Laura Solon: Talking and Not Talking was a comedy sketch show created by British Perrier Award-winning comedian Laura Solon. The show was created with the BBC following her success with Kopfraper's Syndrome: One Man and His Incredible Mind and was first broadcast on BBC Radio 4. As in her previous shows, Talking and Not Talking is a compilation of a variety of short sketches featuring different recurring and one-off characters. The show was voted as the "Best British Radio Sketch Show of 2008" on the British Comedy Guide website.

The first series was broadcast between 10 January 2007 and 14 February 2007. The second series was broadcast between 28 May 2008 and 2 July 2008. The third and final series was recorded in April and May 2009 and was broadcast between 18 November 2009 and 23 December 2009.

Recurring characters
China Lion, a china ornament owned by a demented Teutonic lady. In each of its appearances, the woman describes a different way by which she came by China Lion, always involving strange circumstances.

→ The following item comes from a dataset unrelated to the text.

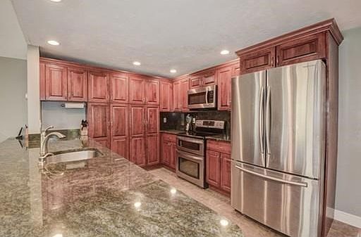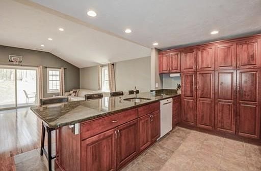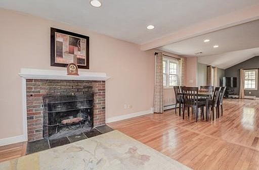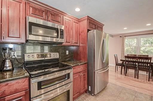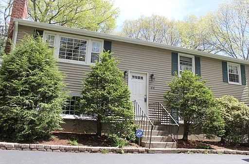 Beautifully updated home with newly remodeled driveway, fresh landscaping in front and gorgeous addition, with great family room. Open floor plan for family room, kitchen & dining area. Great natural light. Fabulous updated Kitchen w/upgraded cherry wood cabinets, stainless steel appliances, granite countertop & backsplash, tile floor, breakfast bar & recessed lighting. Dining area w/hardwood floors. Living room w/hardwood floors & fireplace. All bedrooms w/hardwood floors, closets & recessed lighting. Lower level finished w/guest bedroom or office, full bathroom with shower, laundry room with cabinets. Bonus room with several closets, cedar closet, wood stove and walk out. Updates include **Roof ** Windows **Siding ** Recessed Lighting** Hardwood Flooring **Central Air ** Trek Deck**Driveway. Love basketball ~ your own basketball court. Shed for storage. Use the commuter rail ~ walking distance to train into Boston. Great location for commuting, close to highways, PIke, Rte 9 & 495
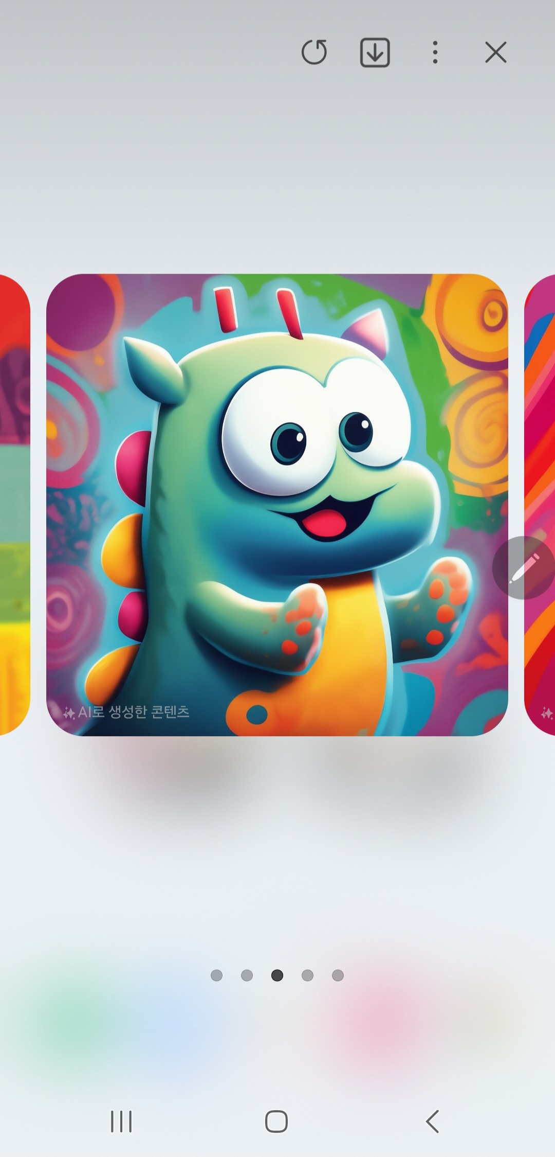 참고로 변환을 하면 총 5개 정도 그림을 뽑아주기 때문에 여러 느낌을 비교해볼 수 있습니다.

In later series, the woman interrupts various BBC events to recount tales of imaginary battles between her and her domestic staff, and particularly her nemesis, the cleaner.
Gwynneth, a hilariously inept call centre operative with a Welsh accent who always gives completely useless advice.
Divorcee Carole Price, whose unworkable business ideas, such as the cushion cover cover, fail to distract from the fact that her life is falling apart. This character also appears in the TV series Al Murray's Multiple Personality Disorder.
The Time Travelling Pride and Prejudice girls, who use a stargate in order to find husbands and often appear through fridges and other appliances.
A Russian tyrant trying to settle into modern life in the UK.
A French journalist who hates the English.